John tries to set me up, and she has 1 arm. I'm a nice guy, but 2 arms is kinda a requirement
If your 8 lb baby was ham it would serve 6-8 people
My favorite part of the day is the 2 seconds of ignorance you have when you first wake up. Right before you remember where your mouth was last night.
oh great, iTunes now thinks im gay.
her night didn't end so well, both of her boyfriends got arrested... together.
This is great- I found hangover detoxifying bath salt online. It flushes out the alcohol. We need this.
Got a traffic ticket on the way home.. Literally cost me $171 to give him a blowjob.
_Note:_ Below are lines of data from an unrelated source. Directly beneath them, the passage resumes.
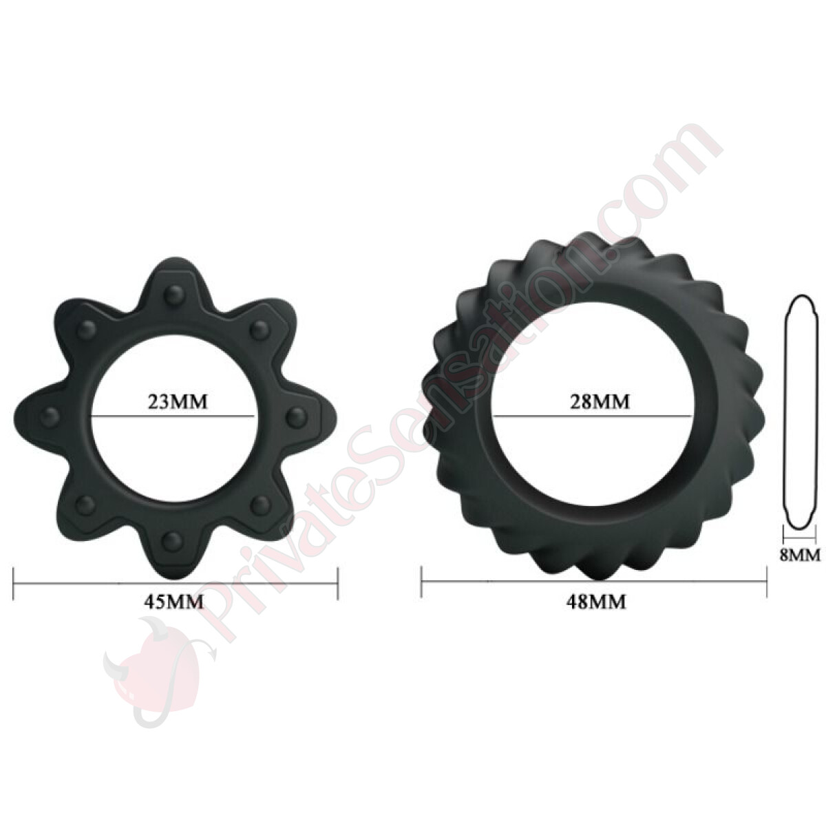 Designed to maximize pleasure, this set includes two rings to be placed strategically: one at the base of the penis, near the testicles, and the other below the glans. This setup helps to: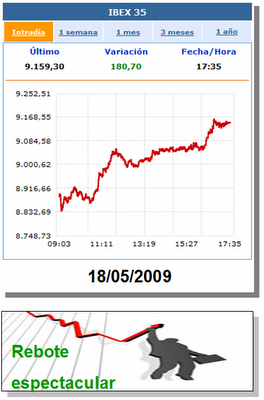 Tras encadenar cinco jornadas consecutivas de pérdidas, el Ibex-35, animado por bancos y constructoras, ha protagonizado hoy un rebote espectacular, subiendo un 2,01% y cerrando practicamente el máximos, en 9.159,30 puntos. El mínimo intradía ha sido de 8.828,50 puntos y el máximo 9.163,20 puntos, en una sesión en la que el volumen negociado por los inversores se ha situado en los 3.358 millones de euros en todo el parqué.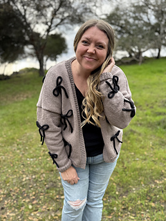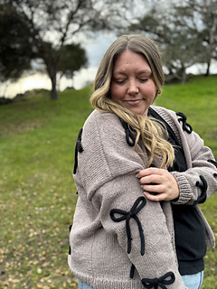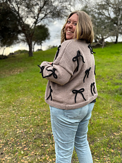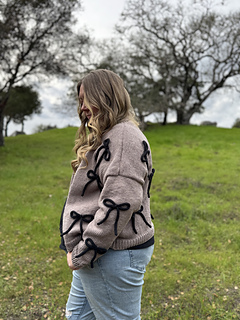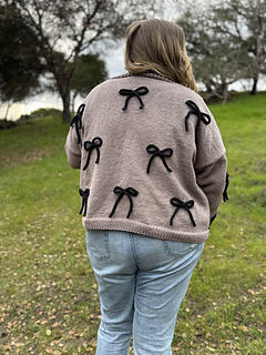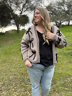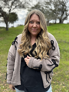 This cozy cardigan is knit in buttery-soft Feels Like Butta yarn from Lion Brand using classic stockinette stitch and an easy, approachable construction. Delicate bows made from coordinating knitted I-cord are tacked on for a fun, feminine detail you can customize. Simple to make but full of personality, this pattern is perfect for knitters looking for an easy win with a little extra flair.

I swear the officer could smell the cum in my hair.
My bathing suit kept falling whenever I went under a wave and this kid caught on and kept checking them out so I told him nothing comes free $5 a boob
There is an alarming amount of urine in here.
You might have to deal with a coked up ex pan American gold medalist wrestler when you get back to the room
This guy has a theme song for the joints he rolls
I peed my pants walking home last night... I just kept walking.
You spent the entire night trying to get me to make out with you
yeah I remember. your boyfriend shouldnt have cheered me on though.
Don't get mad at me now, you have my car and all the doughnuts
Just saw a commercial for non alcoholic baileys cream. WHAT THE HELL IS THE POINT?!